What is required ▸ Whenever a picture appears, leave it out while repeating all the other data exactly.

____

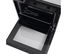 Фронтальная панель духовки сделана из высококачественного жаропрочного тонированного стекла черного цвета. Цельнометаллическая ручка дверцы черного цвета остается холодной в процессе готовки. Внутреннее покрытие камеры выполнено из специальной легкоочищающейся эмали черного цвета.
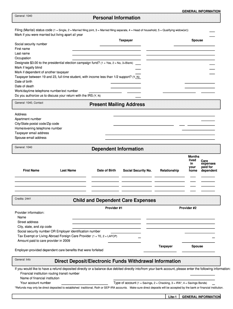 GENERAL INFORMATION General: 1040 Personal Information Filing (Marital) status code (1 Single, 2 Married filing joints, 3 Married filing separate, 4 Head of household, 5 Qualifying widow(er)) Mark
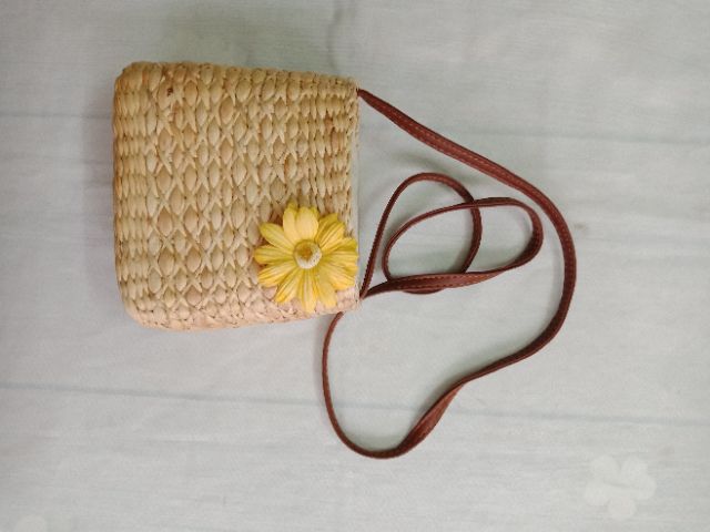 Túi cói hoa cúc họa mi được làm từ chất liệu bèo lục bình
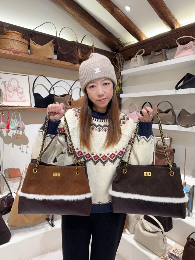 DG4 韓國高質真皮手袋猄皮拼布毛毛小香風袋手柄可拆,3way
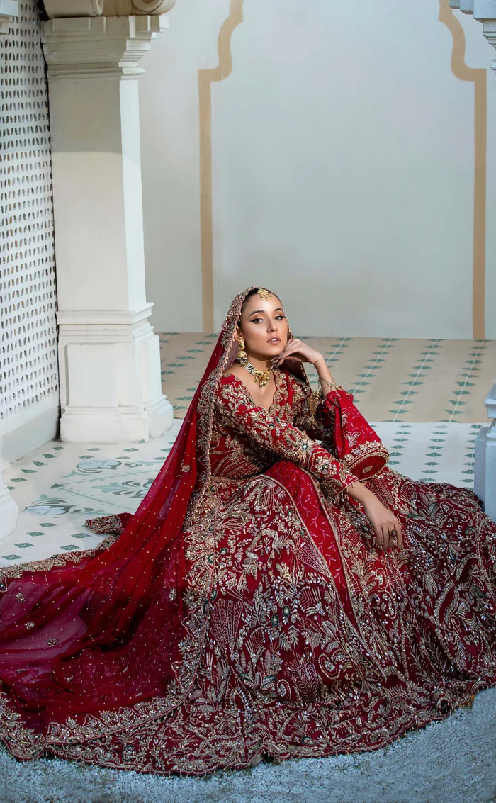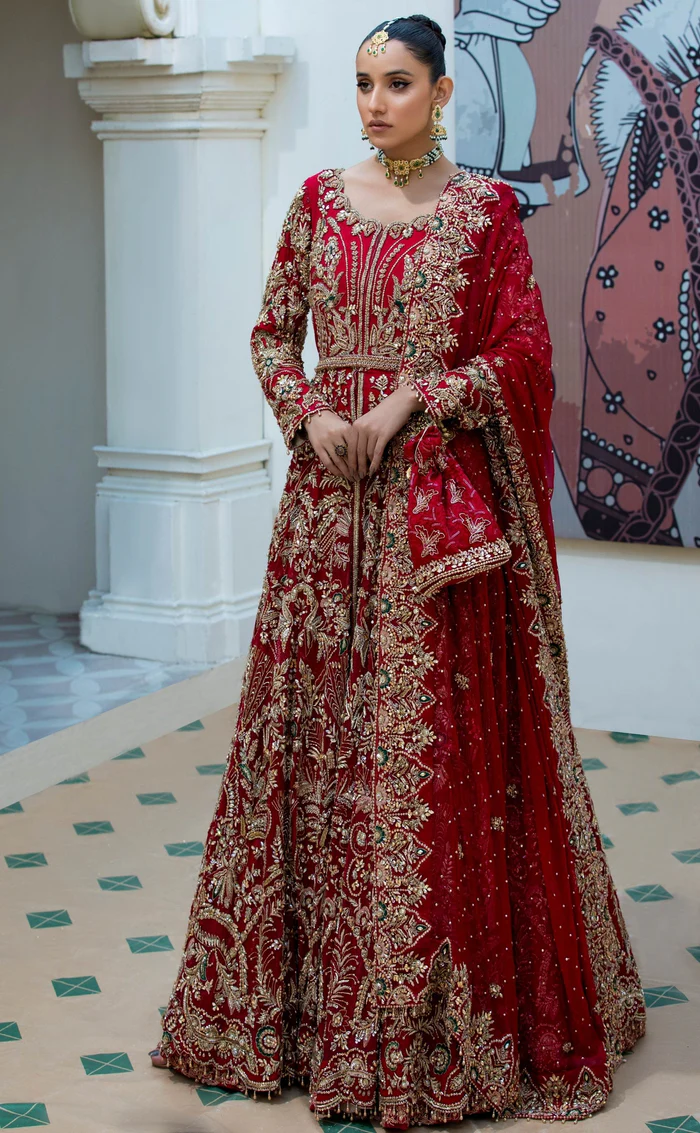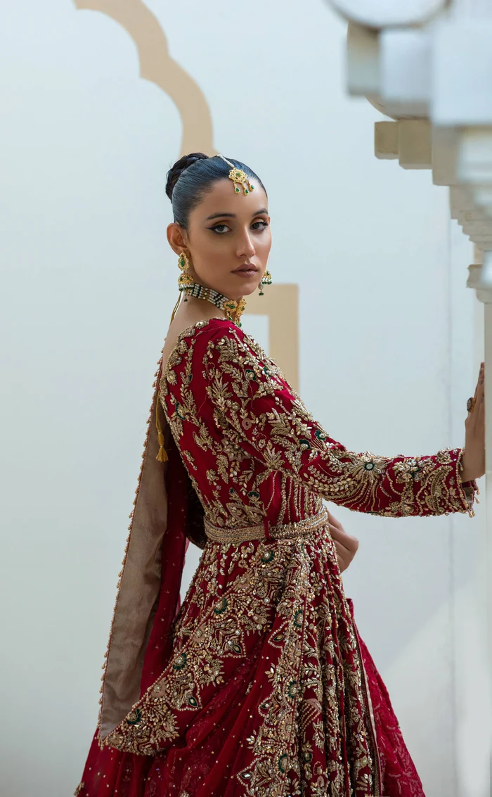 The gown and dupatta are crafted from premium-quality fabrics selected to support detailed embroidery while ensuring graceful movement and comfort.
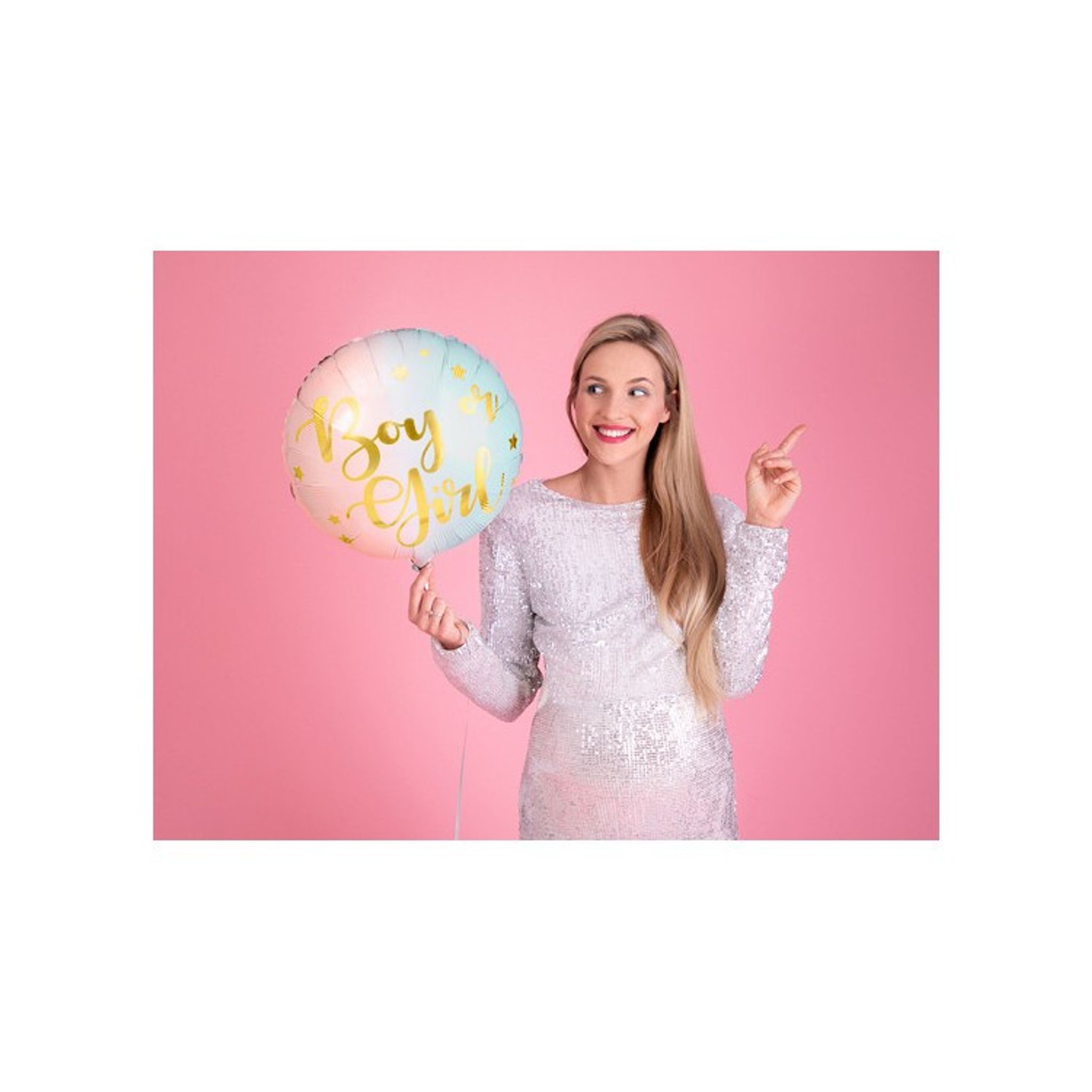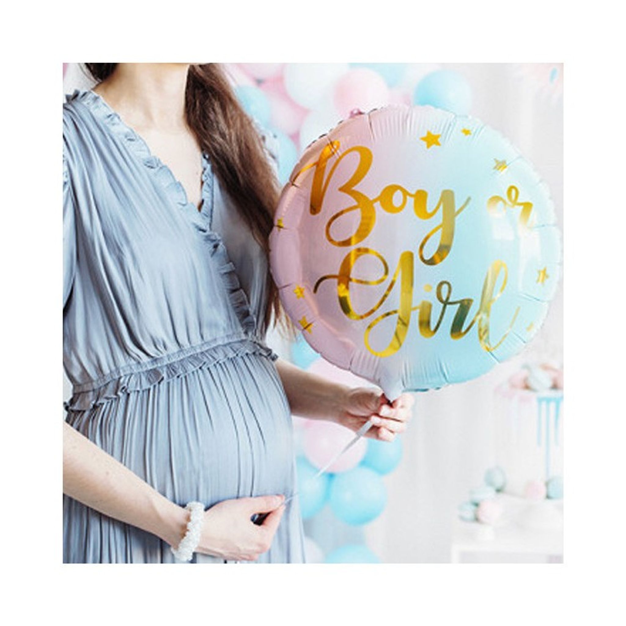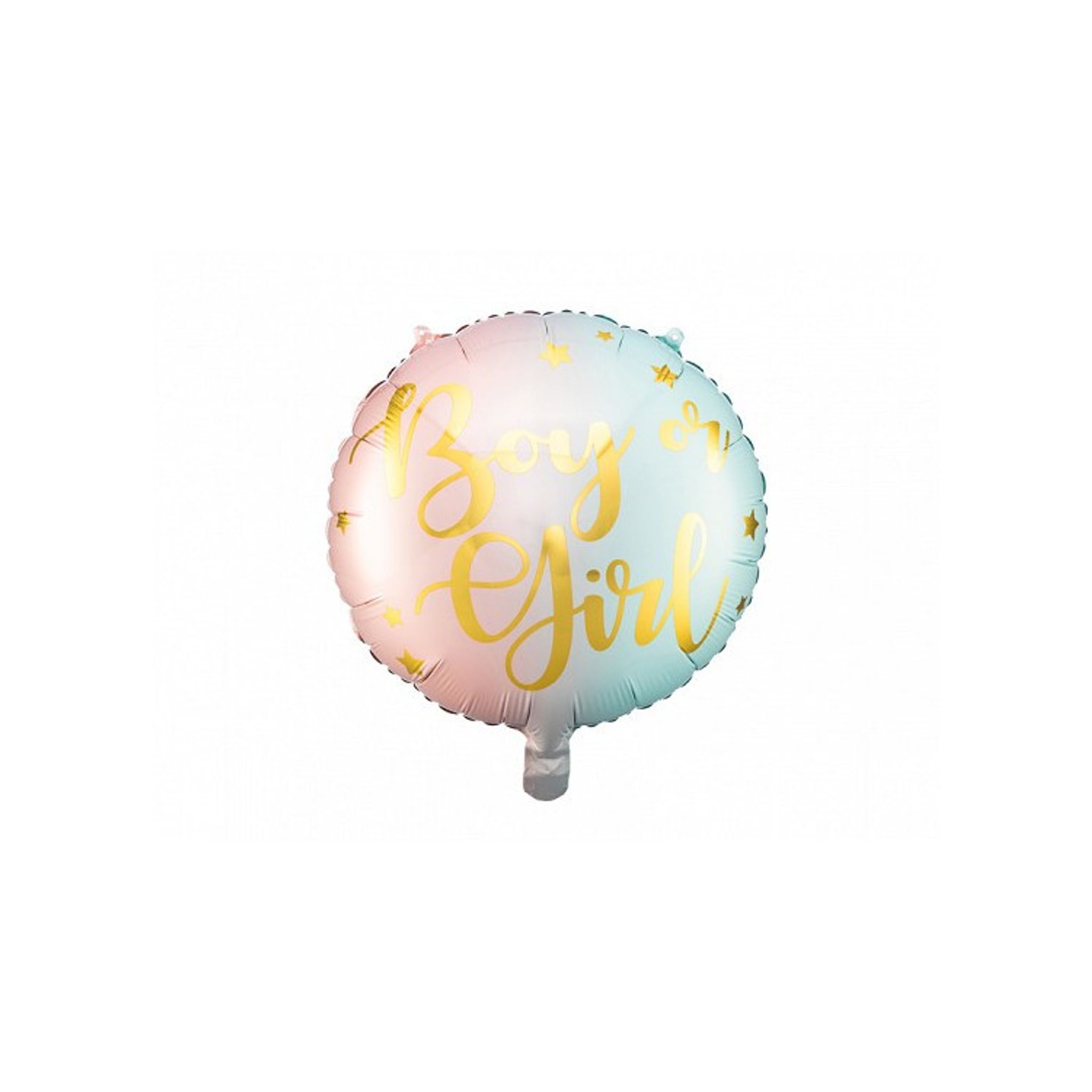 Underbar folieballong i rosa och ljusblått med texten Boy or Girl i guld. Denna ballong är perfekt att använda som dekoration på t.ex babyshowern eller varför inte på Gender Reveal festen?
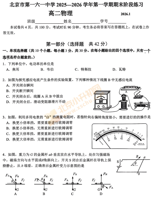 2026西城高中期末试卷北京一六一中学高二期末物理试卷
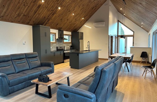 Come discover this unique chalet in Mont-Sainte-Anne specially designed for mountain bikers and cross-country and alpine skiers. With its mudroom you can leave your bicycles and skis inside in complete safety. You can also relax in the spa and sauna. In addition, a beautiful pitfire has been set up to extend the evenings in good company. Inside, you have a gas fireplace in the main living room and a second living room in the basement for the kids. You will have 2 large bedrooms with queen beds and a third bedroom with a double bed and 2 single beds. As for the kitchen, all the necessary equipment is at your disposal for cooking. Outside, you also have a table for dining on the covered terrace where the barbecue is also located.
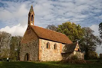 Die Kirche, die sich zwischen dem Hofsee und der Dorfstraße befindet, wurde 1284 erbaut. Nachdem sie im Dreißigjährigen Krieg zerstört worden war, erfolgte ein Wiederaufbau, welcher um 1700 abgeschlossen wurde. Seit Mitte der 1990er Jahre wurden, teilweise durch Spenden finanziert, immer wieder Teile der Kirche restauriert. Das Geläut befindet sich außerhalb der Kirche in einem Glockenstuhl. Oben auf der Glocke ist ein Ornamentband mit dem Spruch „Frieden auf Erden“ befestigt. Auf der Rückseite trägt sie die Inschrift „Franz Schilling Apolda 1919“. Auf dem Friedhof befinden sich Gräber der Adelsfamilie Flotow.[4] Das Pfarrhaus wird heute nicht mehr von der Familie des Pfarrers bewohnt.

____

Task response ▸
 Фронтальная панель духовки сделана из высококачественного жаропрочного тонированного стекла черного цвета. Цельнометаллическая ручка дверцы черного цвета остается холодной в процессе готовки. Внутреннее покрытие камеры выполнено из специальной легкоочищающейся эмали черного цвета.
 GENERAL INFORMATION General: 1040 Personal Information Filing (Marital) status code (1 Single, 2 Married filing joints, 3 Married filing separate, 4 Head of household, 5 Qualifying widow(er)) Mark
 Túi cói hoa cúc họa mi được làm từ chất liệu bèo lục bình
 DG4 韓國高質真皮手袋猄皮拼布毛毛小香風袋手柄可拆,3way
 The gown and dupatta are crafted from premium-quality fabrics selected to support detailed embroidery while ensuring graceful movement and comfort.
 Underbar folieballong i rosa och ljusblått med texten Boy or Girl i guld. Denna ballong är perfekt att använda som dekoration på t.ex babyshowern eller varför inte på Gender Reveal festen?
 2026西城高中期末试卷北京一六一中学高二期末物理试卷
 Come discover this unique chalet in Mont-Sainte-Anne specially designed for mountain bikers and cross-country and alpine skiers. With its mudroom you can leave your bicycles and skis inside in complete safety. You can also relax in the spa and sauna. In addition, a beautiful pitfire has been set up to extend the evenings in good company. Inside, you have a gas fireplace in the main living room and a second living room in the basement for the kids. You will have 2 large bedrooms with queen beds and a third bedroom with a double bed and 2 single beds. As for the kitchen, all the necessary equipment is at your disposal for cooking. Outside, you also have a table for dining on the covered terrace where the barbecue is also located.
 Die Kirche, die sich zwischen dem Hofsee und der Dorfstraße befindet, wurde 1284 erbaut. Nachdem sie im Dreißigjährigen Krieg zerstört worden war, erfolgte ein Wiederaufbau, welcher um 1700 abgeschlossen wurde. Seit Mitte der 1990er Jahre wurden, teilweise durch Spenden finanziert, immer wieder Teile der Kirche restauriert. Das Geläut befindet sich außerhalb der Kirche in einem Glockenstuhl. Oben auf der Glocke ist ein Ornamentband mit dem Spruch „Frieden auf Erden“ befestigt. Auf der Rückseite trägt sie die Inschrift „Franz Schilling Apolda 1919“. Auf dem Friedhof befinden sich Gräber der Adelsfamilie Flotow.[4] Das Pfarrhaus wird heute nicht mehr von der Familie des Pfarrers bewohnt.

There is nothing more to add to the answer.